System: 4 AMD EPYC 7551 cores / 24GB RAM / 40GB drive Ubuntu 20.04.6 LTS aarch64

xlsxwriter ```bash $ for i in {1..5}; do time python spyglass.py -n united_calanworie --minor 3550 --major 5350 --dump; done Saving spreadsheet... real 0m14.965s user 0m13.271s sys 0m0.300s Saving spreadsheet... real 0m14.765s user 0m13.321s sys 0m0.313s Saving spreadsheet... real 0m14.978s user 0m13.322s sys 0m0.305s Saving spreadsheet... real 0m14.824s user 0m13.335s sys 0m0.301s Saving spreadsheet... real 0m14.992s user 0m13.340s sys 0m0.277s ```
openpyxl ```bash $ for i in {1..5}; do time python spyglass.py -n united_calanworie --minor 3550 --major 5350 --dump; done Saving spreadsheet... real 0m18.845s user 0m16.993s sys 0m0.412s Saving spreadsheet... real 0m18.778s user 0m17.050s sys 0m0.344s Saving spreadsheet... real 0m18.720s user 0m16.860s sys 0m0.432s Saving spreadsheet... real 0m18.861s user 0m17.115s sys 0m0.393s Saving spreadsheet... real 0m18.759s user 0m16.834s sys 0m0.421s ```

I'd drag out my Windows laptop to run these tests on as well but I feel like that might be a little redundant.

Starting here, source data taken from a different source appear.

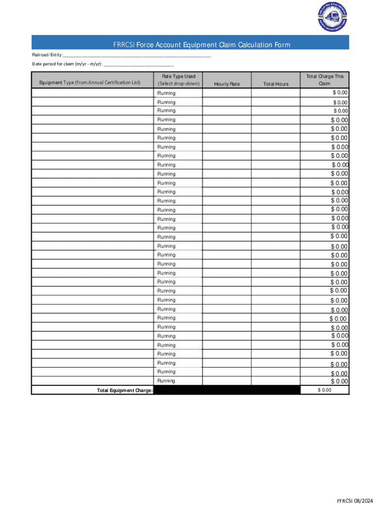 Get the free Frrcsi Force Account Equipment Claim Calculation Form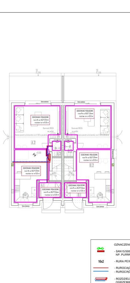 grzewcza gazowa ( piec dwufunkcyjny, zamotowany w łazience na piętrze), cały dom ogrzewanie podłogowe ( można zmienić pod wymagania klienta )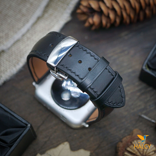 Leather Watch Band Fit for Apple watch Series 8, 7, 6, 5, 4, 3 : Choice of adapters and Steel Butterfly Clasp color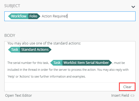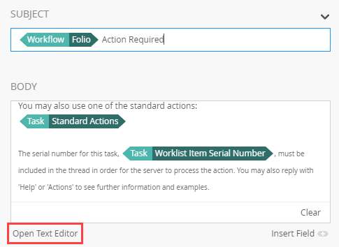 | Body | Customize the body of the notification. A standard email notification template is added by default, but you can create a custom message. As with the subject, you can create dynamic content using items from the Context Browser. You can click and drag items or click the Insert Field link.You can directly type a message into the body, or alternatively use the Text Editor to create formatted content. Using the Text Editor gives you access to formatting to specify things like font, font size, bold, italic and underline formatting, and text alignment. In the Text Editor, you can toggle between the rich-text editing mode and HTML editing mode by clicking the HTML button. You can copy content from a web page or Microsoft Office application and paste it into the Text Editor of the Body field. When you paste the content, it is stripped of all malicious or unsupported content which improves performance and the integrity of the platform. Using HTML mode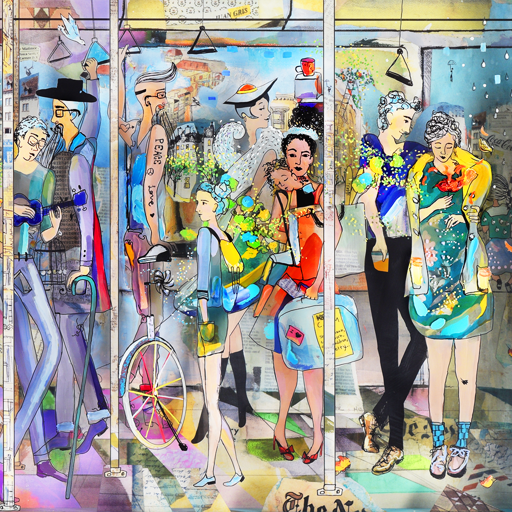 In Soul Train, each individual comes from a different world, yet threads of their stories, as depicted through paint and fantasy, are entwined - the history of a loving elderly couple is mirrored by the dancing young man and woman in front of them, a woman wears furs identical to that of a polar bear. Is the bear real or a child’s drawing? A wealth of details brings each character to life and the use of bright colors, dynamic interactions, and humor make this painting an eye-catching centerpiece.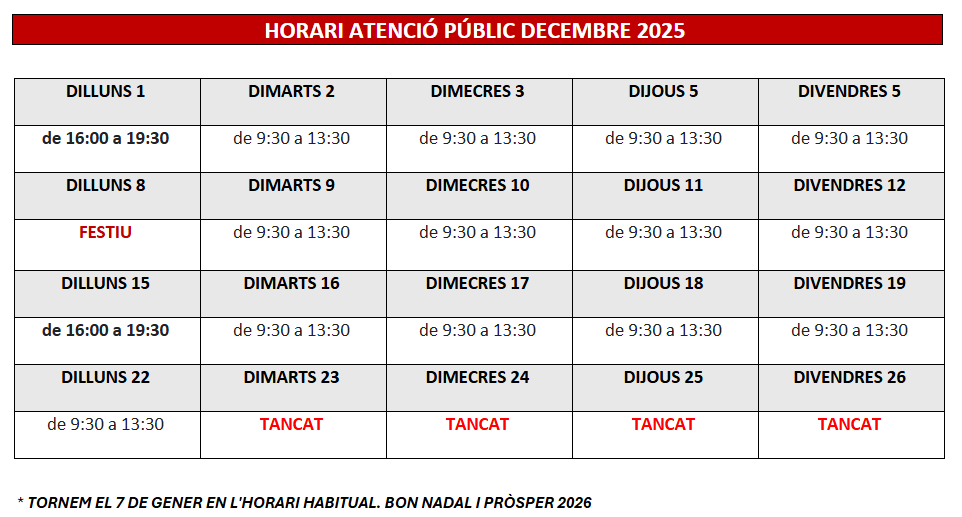 - Horari d’octubre a maig: Dilluns: de 16.00 a 19.30 hores. De dimarts a divendres: de 09.30 a 13.30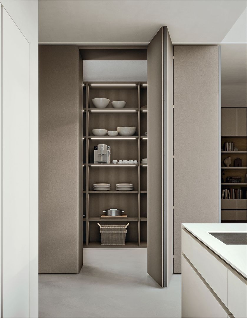 In den Ausführungen als Falt- oder Drehtür sowie in den Oberflächen Melamin, Lack, Glas und Holz bietet Nexta vielfältige Möglichkeiten für integrierte Wohnlösungen.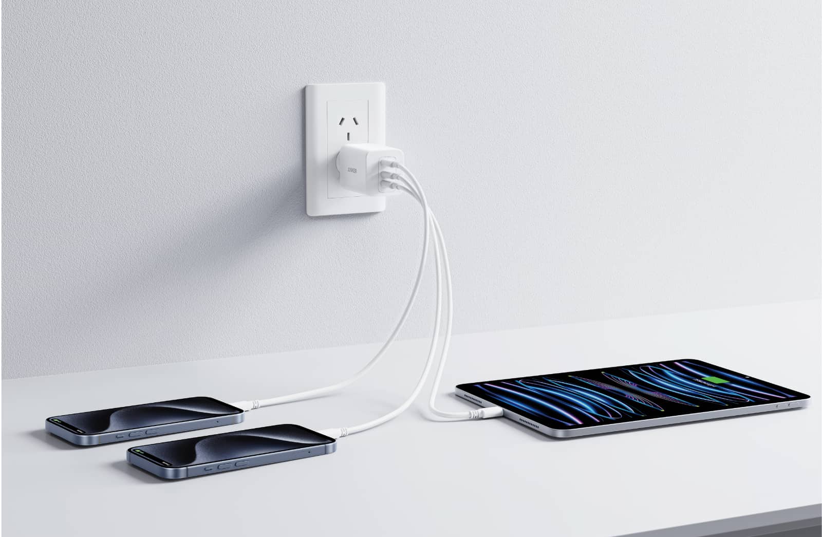The range consists of five options, with a compact single-port 30W charger, a two-port 50W, a three-port 70W, and two four-port options delivers either 150W or 240W, the last of which is more likely to be desk-bound rather than the sort of thing you carry with you.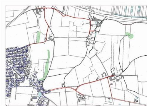 So verläuft die Leitung (rot markiert) im Außenbereich von Obertaufkirchen östlich von Straß und östlich von der Hohenthanner Straße.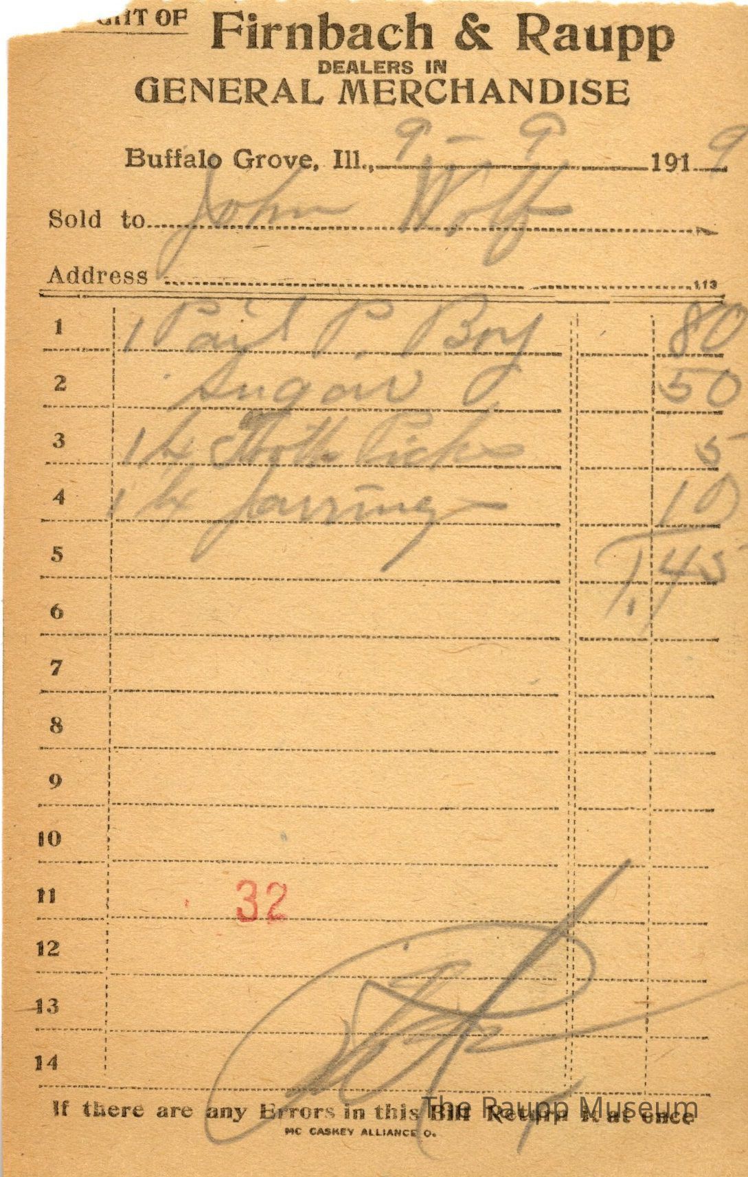 One (1) Firnbach and Raupp store receipt from September 9 1919. Receipt is for John Wolf, and has four items purchased. Purchased items include one (1) Pail P. Boy, one (1) sugar, one (1) dz tooth picks, and one dz jarrings. Total is $1.45. Receipt is rectangular, with both printed and handwritten text. On the top is printed "Firnbach & Raupp Dealers In General Merchandise." PD is handwritten on the bottom, with a red 32 stamped in the center bottom.Archive Details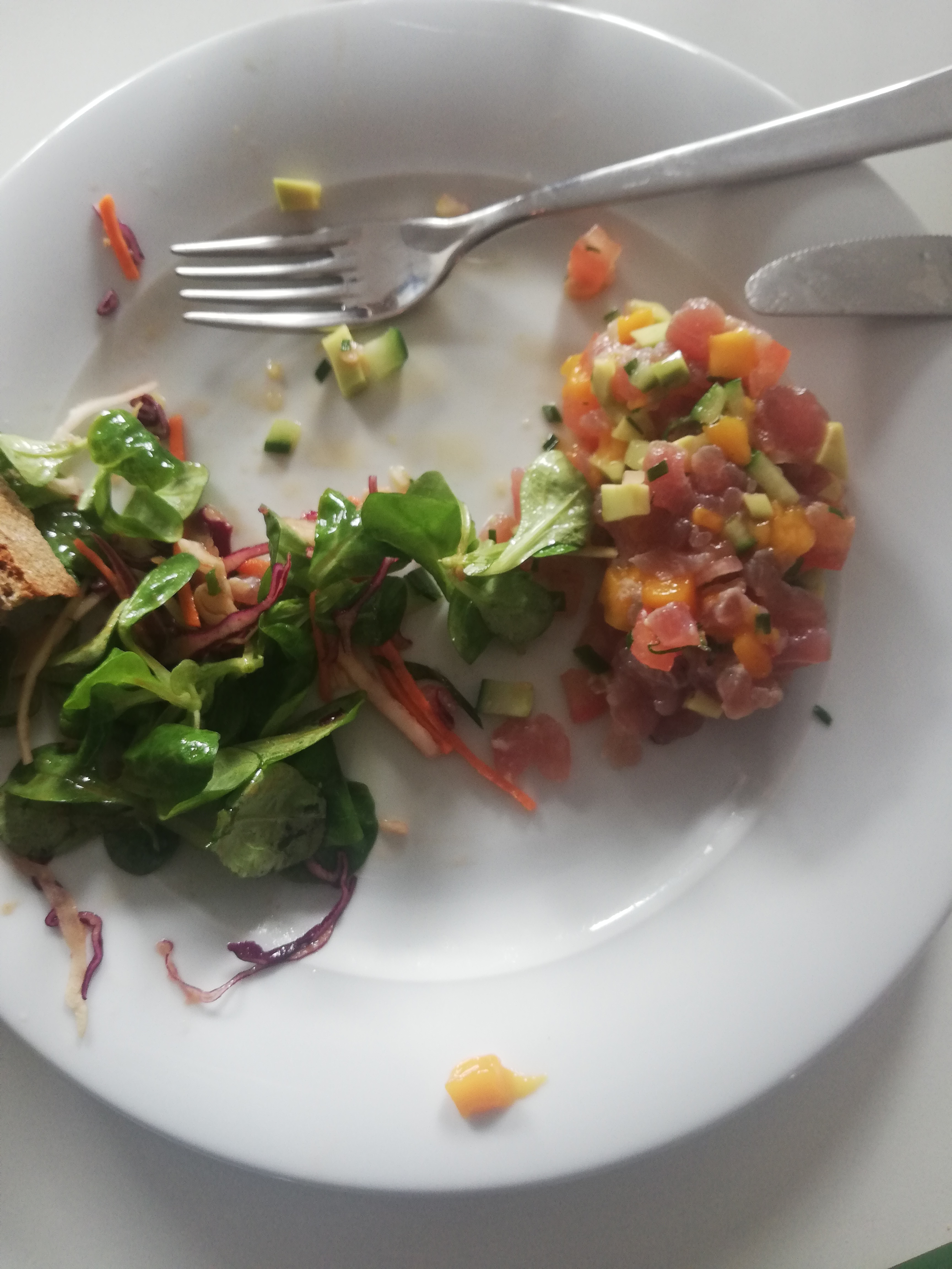 Accueil très agréable. Thon mi cuit moyen. Bien servi en quantité mais sauce faite avec trop de sauce soja.c était trop salé, et manque de saveur Dessert sans intérêt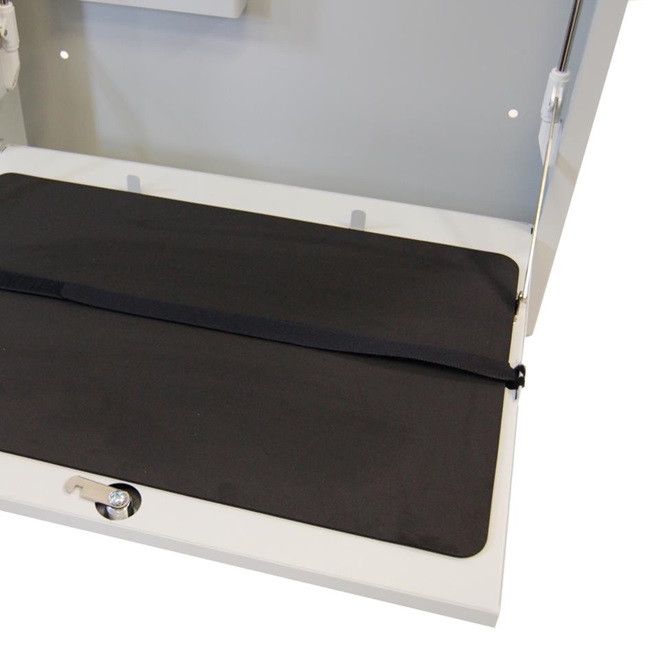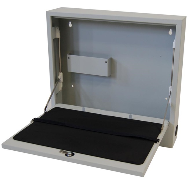 Laptop Safe Deluxe - zur Wandmontage geeignet - Aufnahme von Laptops bis 19" Größe aus robustem Stahlblech, pulverbeschichtet Abmessung (H x B x T in mm) 540 x 570 x 105 ausgestattet mit: - Soft-Dämpfung der Frontklappe - Antirutsch Notebookunterlage - 1 kleines Ablagefach - Kabeldurchführungen - Kabelmanagement - Robustes Schloss.

On higher-powered systems there's a 1.5-1.9 second speedup, which while not amazing is certainly better than no speedup at all. Where this PR shines though is lower end systems where CPU is going to be a bottleneck -- shaving up to four seconds off on the run with 4 CPU cores on a VM. It definitely makes the process more tolerable.

This is worth code review.

AavHRF commented 1 year ago

Per the notice given in v.3.0.1, this feature will only be available as a release candidate once merged, until the release of F/S.